JSum
Consistent checksum calculation of JSON objects.
Quick start
const JSum = require('jsum')
const obj1 = {foo: [{c: 1}, {d: 2, e: 3}], bar: {a: 2, b: undefined}}
const obj2 = {bar: {b: undefined, a: 2}, foo: [{c: 1}, {e: 3, d: 2}]}
console.log(JSum.digest(obj1, 'SHA256', 'hex'))
console.log(JSum.digest(obj2, 'SHA256', 'hex'))
Why this module?
My main goal was to create Etag
s from JSON objects. The most intuitive approach
would have been something like:
const crypto = require('crypto')
function checksum (obj) {
return crypto.createHash('MD5').update(JSON.stringify(myObj)).digest('hex')
}
However, this approach would yield two different results for semantically same JSON objects:
console.log(checksum({"a": 1, "b": 2}))
console.log(checksum({"b": 2, "a": 1}))
JSum
on other hand makes sure that semantically same JSON objects always get the same checksum! Moreover, it provides a good deal
of time advantage over some other viable modules*:
Module | Time (ms) to hash a 181 MB JSON file (from memory) |
---|
json-hash | 81537 |
json-stable-stringify | 12134 |
JSum | 9656 |
json-checksum | FATAL ERROR: [...] - process out of memory |
*NOTE: The measurements above are not from formal benchmarking. A huge random JSON file
(181 MB) was taken as the base for benchmarking.
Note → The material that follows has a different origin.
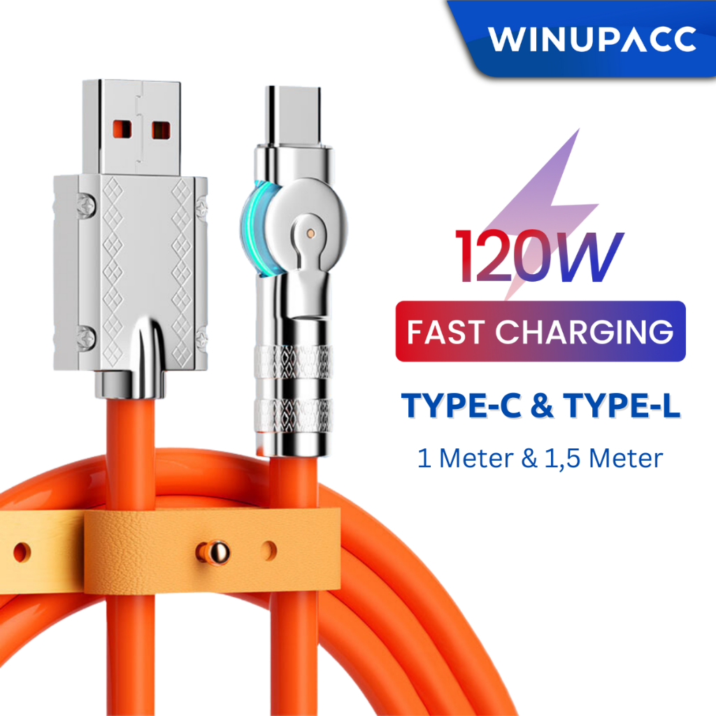 WINUP KABEL DATA SUPER FAST CHARGING MODEL PUTAR 1METER/1,5 METER/ROTASI 120W 6A TYPE C/LIGHTNING IPHONE IOS USB ANDROID

The listed modules were used to create SHA256
hash of that file. To measure the time,
internal console.time(()
and console.timeEnd()
methods were used.
I don't whant this :-(
Fair enough! Just copy (check the license first!) this for your own code and hash as you will:
function serialize (obj) {
if (Array.isArray(obj)) {
return JSON.stringify(obj.map(i => serialize(i)))
} else if (typeof obj === 'object' && obj !== null) {
return Object.keys(obj)
.sort()
.map(k => `${k}:${serialize(obj[k])}`)
.join('|')
}
return obj
}